Refurbished Routers Contain Sensitive Corporate Data

Sanitize IT gear before decommissioning is well-trod cybersecurity advice made to corporations everywhere and yet many persist in disposing of equipment still laden with sensitive data.

See Also: Ceasefire! Agility and Security Find Partnership Working “Better Together” in Cloud Security

Cybersecurity firm Eset says it wasn’t looking to add to copious literature of researchers discovering hidden secrets on secondhand equipment. But an unrelated lab experiment involving more than a dozen used routers nonetheless revealed a wealth of useful information for a cyberattack, company researchers write in a report.

More than half of the examined secondhand routers contained previously used configurations with data on the devices possibly enabling threat actors access the prior owners’ network configurations.

Eset analyzed 16 distinct network devices from medium-sized businesses and found nine devices still held sensitive data.

“Over 56% of the core routers Eset purchased from secondary market vendors contained sensitive data, including corporate credentials, VPN details, cryptographic keys and more,” researchers say.

A breakdown of the nine routers containing previous configurations show:

• 22% contained customer data;
• 33% exposed data allowing third-party connections to the network;
• 44% had credentials for connecting to other networks as a trusted party;
• 89% itemized connection details for specific applications;
• 89% contained router-to-router authentication keys;
• 100% contained one or more of IPsec or VPN credentials, or hashed root passwords;
• 100% had sufficient data to reliably identify the former owner/operator.

Cameron Camp, the Eset security researcher who led the project, told Information Security Media Group the research came about after the team began a test scenario analyzing Microsoft Exchange and RDP attacks.
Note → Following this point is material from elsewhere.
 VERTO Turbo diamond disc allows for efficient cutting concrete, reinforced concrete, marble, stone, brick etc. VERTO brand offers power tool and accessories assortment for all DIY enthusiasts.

They noticed the a router bought for the scenario still had data on it.

“We soon realized this was both unintended and potentially very compromising for the original owner, possibly with legal ramifications for them. The consequences of a company’s router on the open market still containing secrets in that it radically shortens the time to attack, and allows access to one of the most-rich sets of data – opening up the numerous ways to get access for a bad actor,” Camp said.

A majority of devices analyzed by the researchers obtained from the secondary market had a “digital blueprint of the company involved, including, but not limited to, core networking information, application data, corporate credentials, and information about partners, vendors and customers.”
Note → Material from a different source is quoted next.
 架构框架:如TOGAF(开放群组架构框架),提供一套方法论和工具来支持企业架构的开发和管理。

Eset disclosed the findings to each identified organization. Some didn’t respond iscovery, “while others showed proficiency, handling the event as a full-blown security breach.”

Tony Anscombe, chief security evangelist at Eset, who also led the research along with Camp, said the findings show that many companies clearly don’t following decommissioning protocols.

“Exploiting a vulnerability or spearphishing for credentials is potentially hard work. But our research shows that there is a much easier way to get your hands on this data and more,” Anscombe said.